The pixels defining the SE do not have to be adjacent each other. The center location
need not be at the geometrical center of the pattern; indeed it need not even be inside
the pattern. A "solid" SE refers to an SE having a periphery within which all pixels
are ON. For example, a solid 2x2 SE is a 2x2 square of ON pixels. A solid SE need
not be rectangular. A horizontal SE is generally one row of ON pixels and a vertical
SE is generally one column of ON pixels of selected size. A "hit-miss" SE refers to
an SE that specifies at least one ON pixel and at least one OFF pixel.
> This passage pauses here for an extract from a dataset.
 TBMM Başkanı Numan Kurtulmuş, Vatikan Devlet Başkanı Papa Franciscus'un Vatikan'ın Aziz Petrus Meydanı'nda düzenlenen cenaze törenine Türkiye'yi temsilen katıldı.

[0030] AND, OR and XOR are logical operations carried out between two images on a pixel-by-pixel
basis.
[0031] NOT is a logical operation carried out on a single image on a pixel-by-pixel basis.
[0032] "EXPANSION" is scale operation characterized by a scale factor N, wherein each pixel
in a source image becomes an N x N square of pixels, all having the same value as
the original pixel.
[0033] "REDUCTION" is a scale operation characterized by a scale factor N in a threshold
level M. Reduction with scale = N entails dividing the source image into N x N squares
of pixels, mapping each such square in the source image to a single pixel on the destination
image. The value for the pixel in the destination image is determined by the threshold
level M, which is a number between 1 and N². If the number of ON pixels in the pixel
square is greater or equal to M, the destination pixel is ON, otherwise it is OFF.
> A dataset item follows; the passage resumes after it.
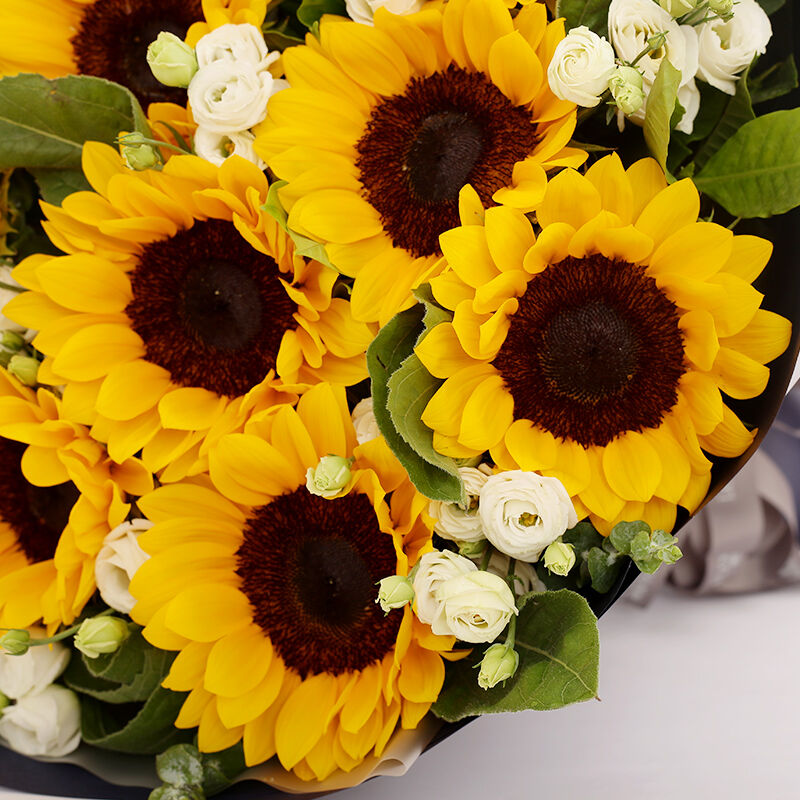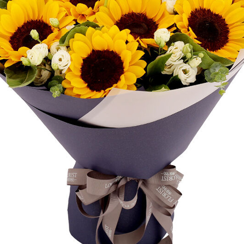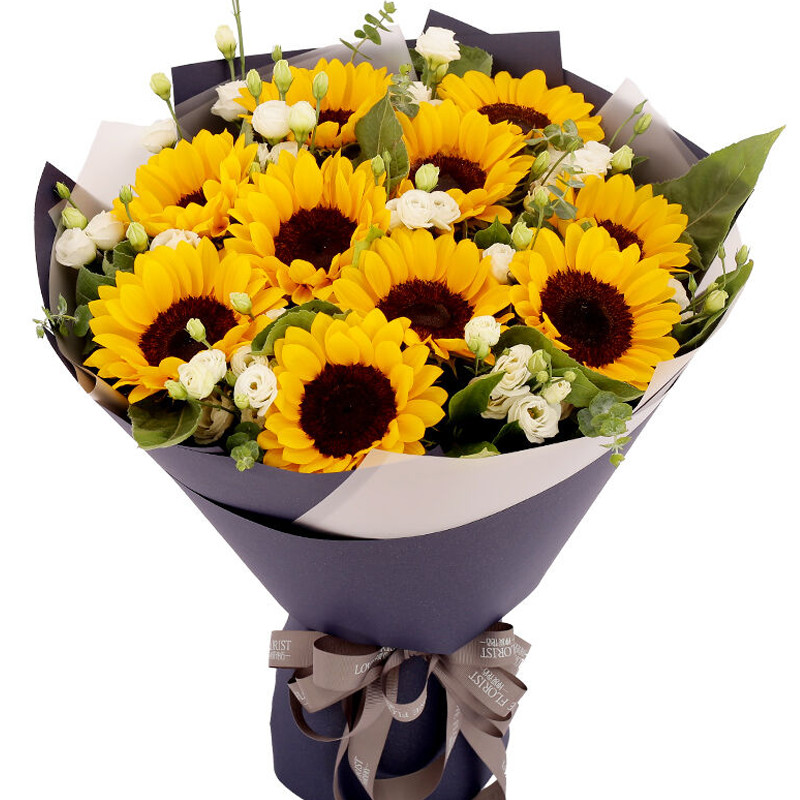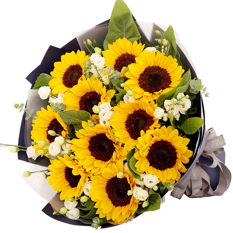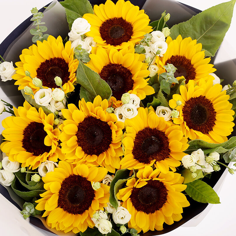 花 材:10支向日葵,搭配洋桔梗、绿叶。

[0034] "EROSION" is a morphological operation wherein a given pixel in the destination image
is turned ON if and only if the result of superimposing the SE center on the corresponding
pixel location in the source image results in a match between all ON and OFF pixels
in the SE and the underlying pixels in the source image. An EROSION will give one
pixel in the destination image for every match. That is, at each pixel, it outputs
1 if the SE (shifted and centered at that pixel) is totally contained inside the original
image foreground, and outputs 0 otherwise. Note that EROSION usually refers to operations
using a structuring element(s) with only hits, and more generally, matching operations
with both hits and misses (often called a "hit-miss transform". The term EROSION is
used herein to include matching operations with both hits and misses, thus the hit-miss
transform is the particular type of EROSION used herein.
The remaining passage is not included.